My Dad bought ours new in 1979 to use around the farm. 2,900 hours on it now, Onan still runs strong, and I use it every week. It's outlasted him by over 25 years now and it is one of the few machines I know of that will probably out last me.


----------



## Bob Driver (Nov 1, 2017)

Here's that nice Case/Ingersoll I posted a picture of earlier and it just happens to be *currently* listed on CL for $2,000 with about all the attachments you mentioned and fairly close to MN. Comes with the factory 16" pickup size tires on the rear with chains and wheel weights. The 1987's came with the travel valve/holding valve kit from the Factory.
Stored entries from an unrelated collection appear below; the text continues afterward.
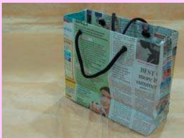
ref. 190014 0.50€ BOLSA PAPEL RECICLADO PEQUEÑA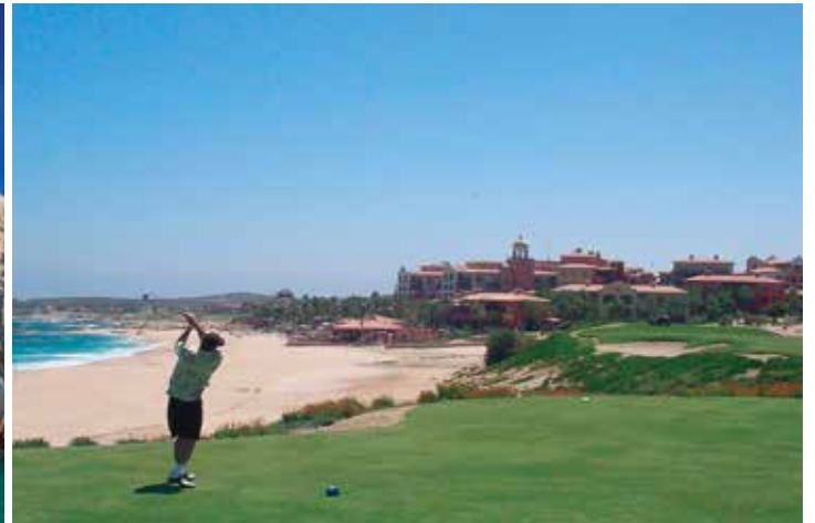
パハ・カリフォルニア半島南端のビーチ&ゴルフリゾート・ロスカボス(左)・カボ・レアルゴルフクラブとヒルトン・ロスカボス(右)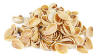
Restos de froitos secos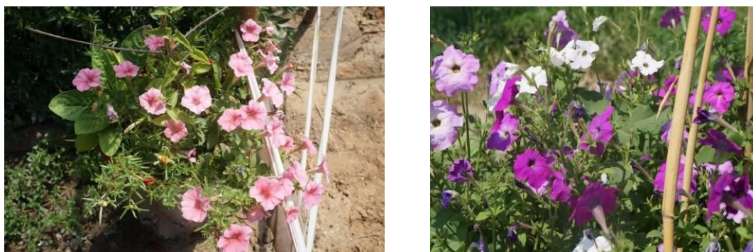
Рисунок 13 – Минитунни и петунии

куст, способный украсить любой сад или клумбу. Имеют красно-жёлтую расцветку с волнистыми лепестками-оборочками. Сорту обладает засухоустойчивостью, актуальной при засушливом климате.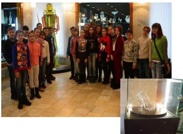
Образовательный проект «Культурные субботы»- поездка в Никольск.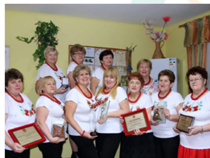
Siedziba Gminnego Stowarzyszenia Aktywnych Kobiet w Fajslawicach, Fajslawice, 16.10.2020r.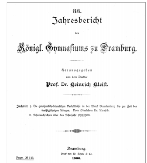
Titelblatt des Jahresberichtes des Königl. Gymnasiums von Dramburg, 1900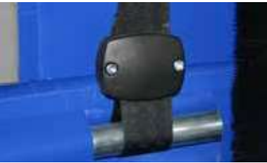
Enganche de cintas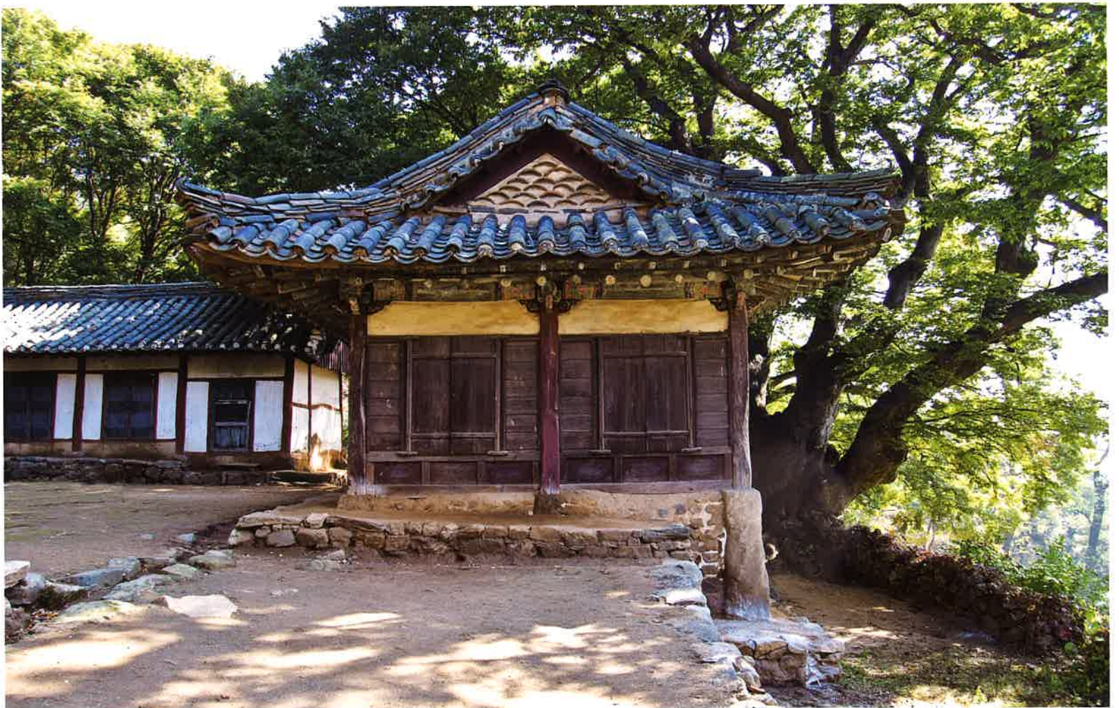
만세루 서쪽 측면 / 萬歲樓 西側面 / western side, Manseru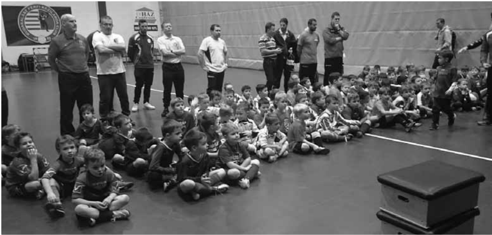
Téli Kupa, Budakalász

Szód – FTC 2 : 3 Szód – Mogyoród 3 : 3 Szód – Erdőkertes 4 : 2 Gólszerzők: Hóbor 10, Szabó 8, Bak 4, Tamási 3, illetve Kurucz és Mójzer 2 - 2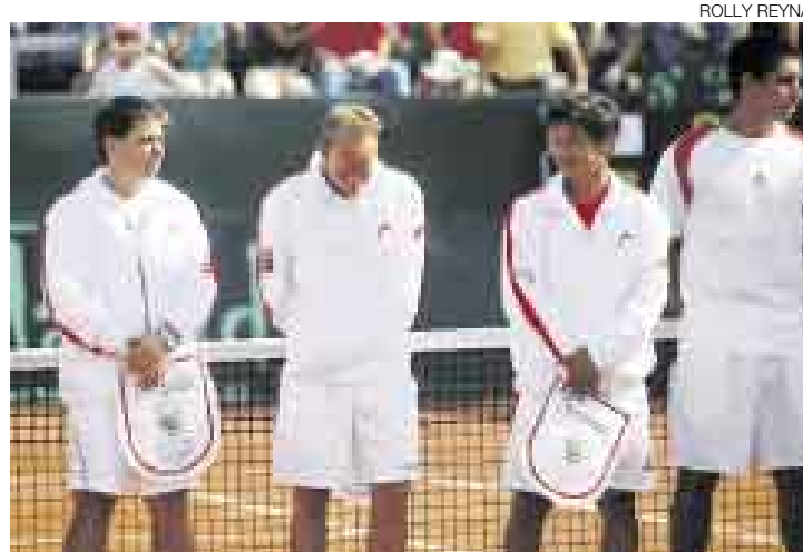
A LEVANTARSE. El equipo peruano está en deuda con la afición.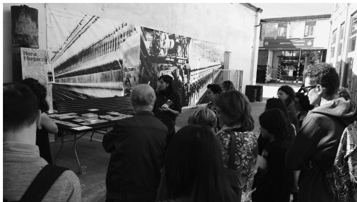
Visita comentada a les intervencions artístiques que es realitzen arreu del recinte amb motiu de la MAU (Mostra d'Art Urbà), 2016. Roca Umbert Fàbrica de les Arts.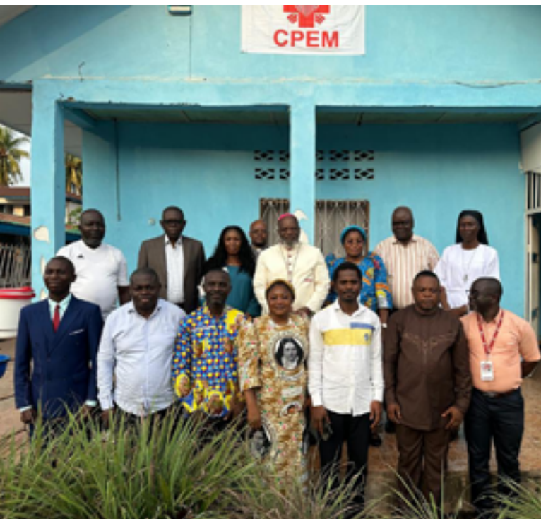
Photo de famille après la clôture de la rencontre provinciale des Directeurs des BDOM par Mgr l'Archevêque de Mbandaka

Dans la suite de ce rapport sont décrits les différents programmes et projets qui ont permis à Caritas Congo Asbl de contribuer à la mise en œuvre du Plan National du Développement Sanitaire de la RDC au cours de l'année 2024.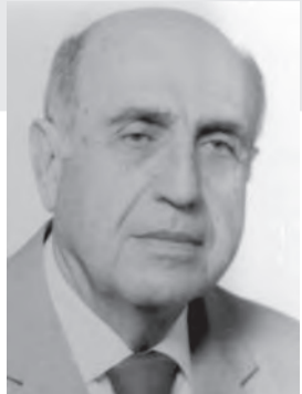
اعداد : لوران ناكوزي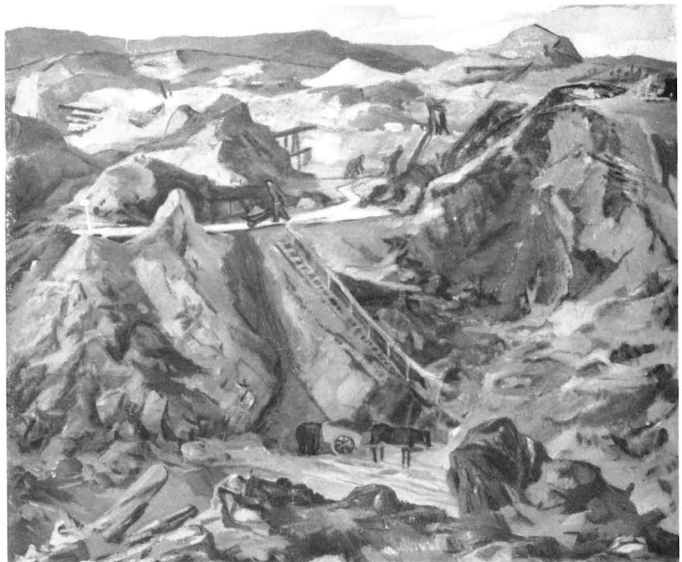
Der zeitgenössische schwedische Maler Helge Zandén war mit seinem Ölgemälde „Grube von Falun“ ebenfalls in Paris vertreten.

Die schwedische Beteiligung an der Pariser Ausstellung wurde von den Werken zweier neuzeitlicher Künstler abgerundet. Der eine, Gustav Alexanderson, hat als Schilderer industrieller Motive Berühmtheit erlangt; nicht zuletzt wegen seiner Bilder aus dem mittelschwedischen Industriebezirk „Bergslagen“, zu dem auch die Kupfergrube in Falun gehört. Der andere, Helge Zandén, nimmt eine hervorragende Stellung unter den zahlreichen Künstlern ein, die sich in Dalarna niedergelassen haben und vorzugsweise Motive aus dieser naturschönen Provinz wählen.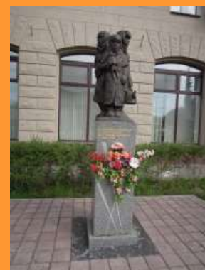
Памятник детям блокадного Ленинграда, установлен 21.02.2014 г. в г. Омск

После снятия блокады и окончания войны, большая часть детей вернулась в родной город. Но немало юных ленинградцев навсегда связали свою судьбу с нашим районом.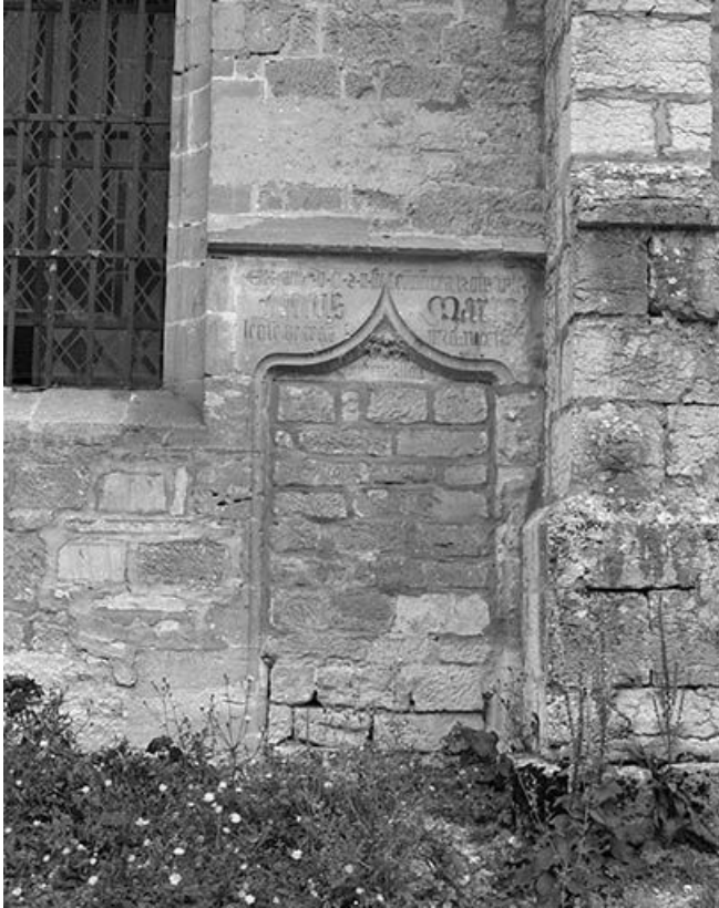
Détail de la face latérale droite : ancienne porte.

25, Mouthier-Haute-Pierre place Césaire Phisalix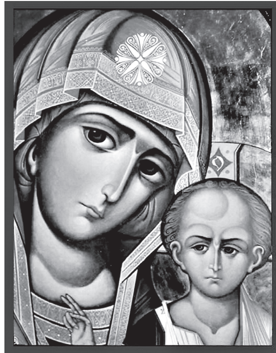
Икона Божией Матери «Казанская»

Мы знаем, что христианство являет небывалую любовь к человеку. К каждому, без исключения, человеку, который на языке Писания называется нашим ближним. Как никогда, должны мы сегодня услышать апостола Иоанна Богослова: «Кто говорит, что любит Бога, а брата своего не любит, тот лжец». Без любви к ближнему не существует веры. Невозможно любить Бога, не любя ближнего. Но мы призваны также любить Бога. И эта любовь должна быть конкретно выражена.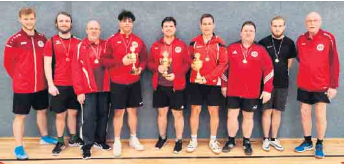
Alle Teilnehmer Herren-Einzel und -Doppel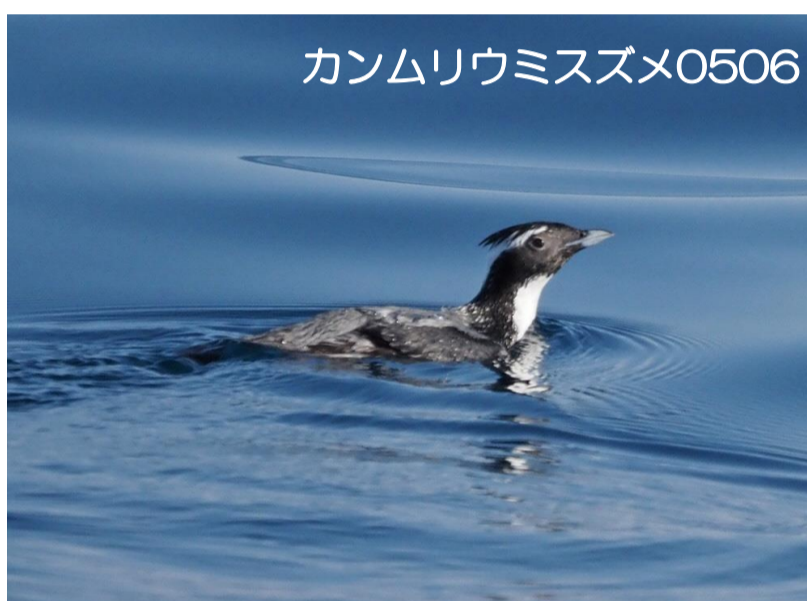
カンムリウミスズメ0506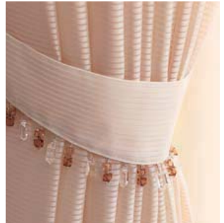
横ストライプの透ける生地を使ったルースシェード。カーテンを引き上げたときに生まれるふっくらした装の裾をビーズのついたりボンコードでトリミング、日中の窓辺を楽しく彩ります。(写真上) 脇のタッセルにも、ビーズのトリミングでさりげないアクセントを。(写真下)

To me, a Simplicity Legacy 25 is just another nice garden tractor. This would be like being the only guy around for miles that rides an original Indian Chief to work. With this machine you'd have something you could use for years and pass down when you're done with it. Mine goes to my oldest son, he still remembers running it around the farm sitting on his Grandpa's lap..... If I were you, I'd be jumping all over this one, if it's still available
https://minneapolis.craigslist.org/wsh/grd/d/wilson-1987-case-ingersoll-446-tractor/6985219069.html


----------



## Bob Driver (Nov 1, 2017)

Here's 3 Case 446's and a boat load of attachments... *Currently* listed on CL, "up yonder", $5k. I already told you those cabs are hard to find

https://rockford.craigslist.org/grd/6991462661.html


----------